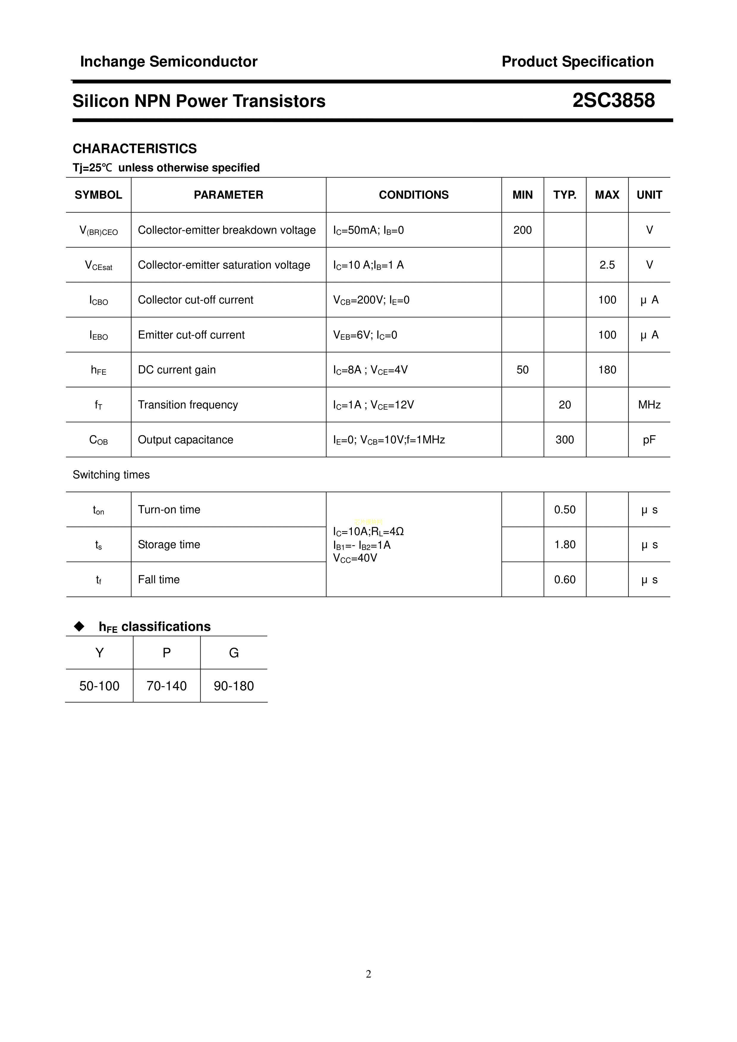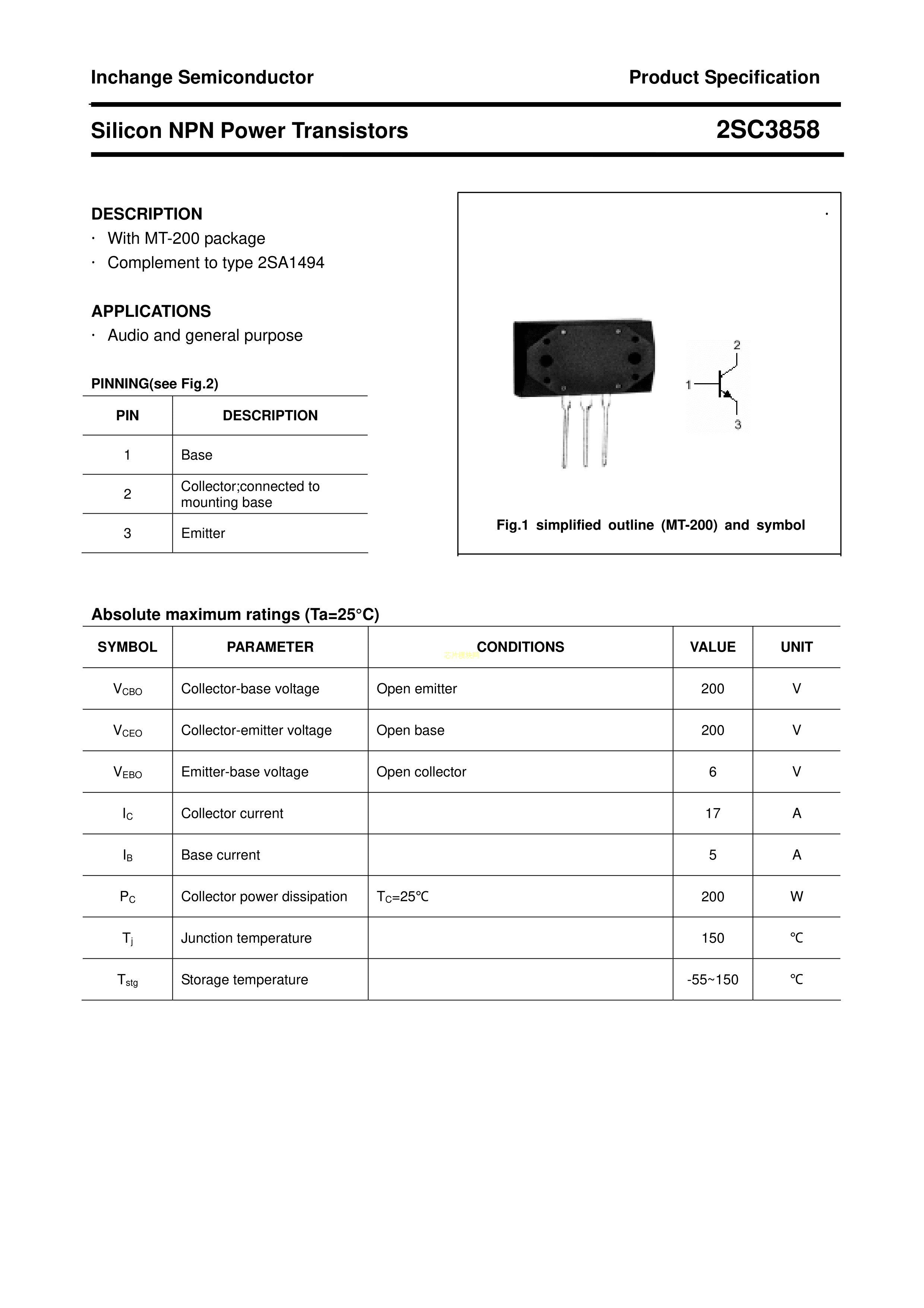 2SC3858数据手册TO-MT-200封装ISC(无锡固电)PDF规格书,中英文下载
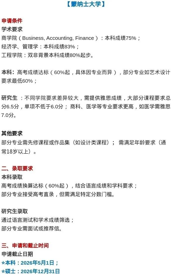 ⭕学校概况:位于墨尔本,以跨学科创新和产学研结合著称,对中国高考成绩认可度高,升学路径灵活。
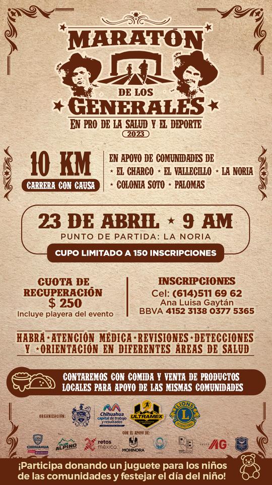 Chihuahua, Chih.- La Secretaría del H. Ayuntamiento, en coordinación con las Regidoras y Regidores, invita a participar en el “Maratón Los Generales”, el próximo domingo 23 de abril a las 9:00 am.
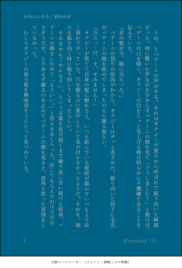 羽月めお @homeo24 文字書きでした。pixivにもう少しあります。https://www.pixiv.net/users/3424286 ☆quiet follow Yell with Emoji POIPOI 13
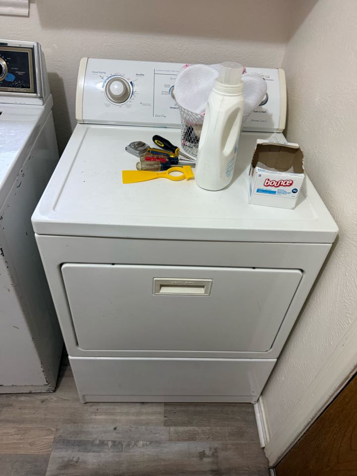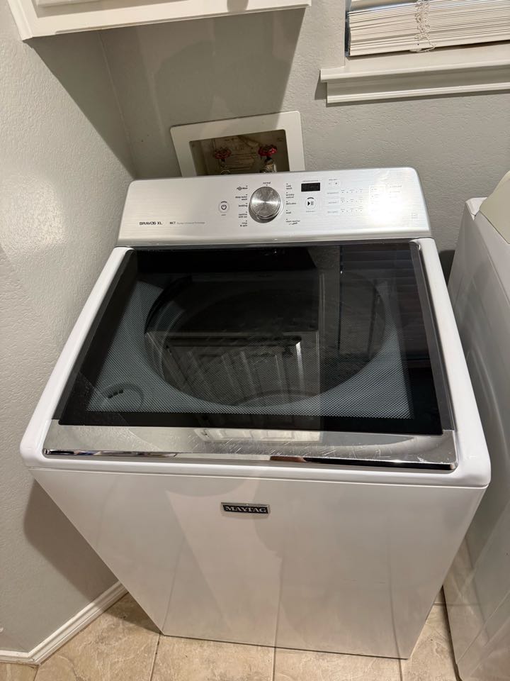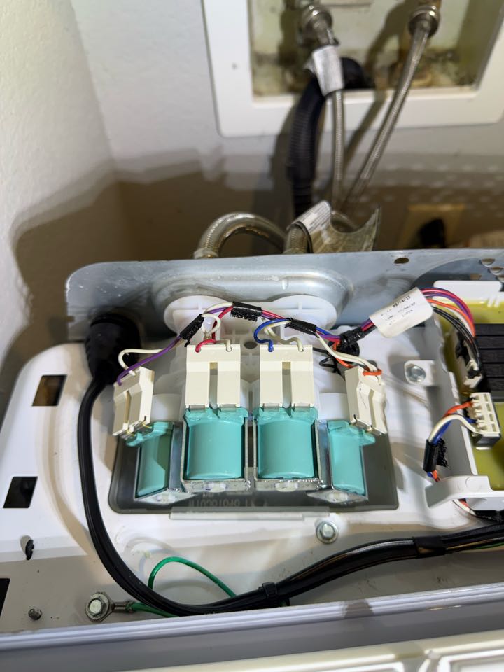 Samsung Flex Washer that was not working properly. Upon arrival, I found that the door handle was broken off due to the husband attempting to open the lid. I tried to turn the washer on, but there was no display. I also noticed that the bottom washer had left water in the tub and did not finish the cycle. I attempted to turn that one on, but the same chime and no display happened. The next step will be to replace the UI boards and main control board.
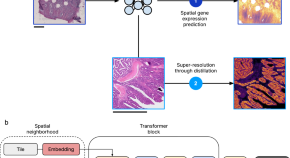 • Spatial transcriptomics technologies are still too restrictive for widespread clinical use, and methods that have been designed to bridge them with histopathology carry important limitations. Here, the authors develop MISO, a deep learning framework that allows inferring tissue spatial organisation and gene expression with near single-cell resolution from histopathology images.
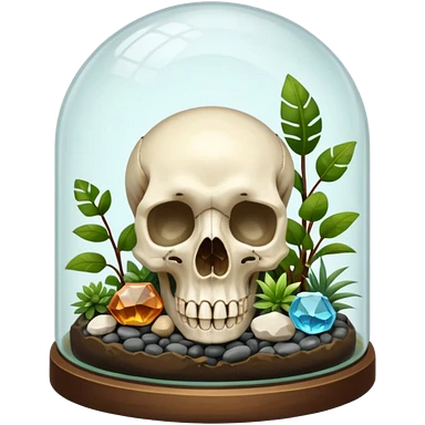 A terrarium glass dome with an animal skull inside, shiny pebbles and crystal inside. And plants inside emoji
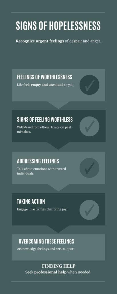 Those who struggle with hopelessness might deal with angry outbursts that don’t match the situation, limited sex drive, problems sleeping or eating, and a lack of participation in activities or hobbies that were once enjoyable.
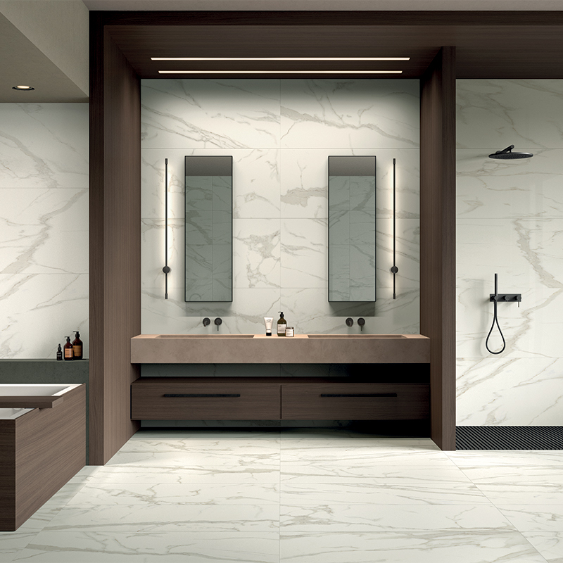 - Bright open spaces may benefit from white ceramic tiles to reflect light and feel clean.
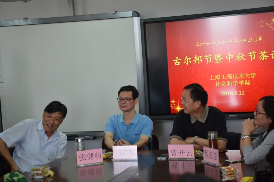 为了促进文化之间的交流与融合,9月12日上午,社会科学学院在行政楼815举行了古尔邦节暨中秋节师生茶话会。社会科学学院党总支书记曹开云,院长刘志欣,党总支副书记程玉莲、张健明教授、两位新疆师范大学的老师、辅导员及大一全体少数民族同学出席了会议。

Task prompt = Once the line with "A terrarium glass" is found in the data above, reproduce it and each line after it exactly, through the line with "Those who struggle". Omit the pictures.

Expected output =
 A terrarium glass dome with an animal skull inside, shiny pebbles and crystal inside. And plants inside emoji
 Those who struggle with hopelessness might deal with angry outbursts that don’t match the situation, limited sex drive, problems sleeping or eating, and a lack of participation in activities or hobbies that were once enjoyable.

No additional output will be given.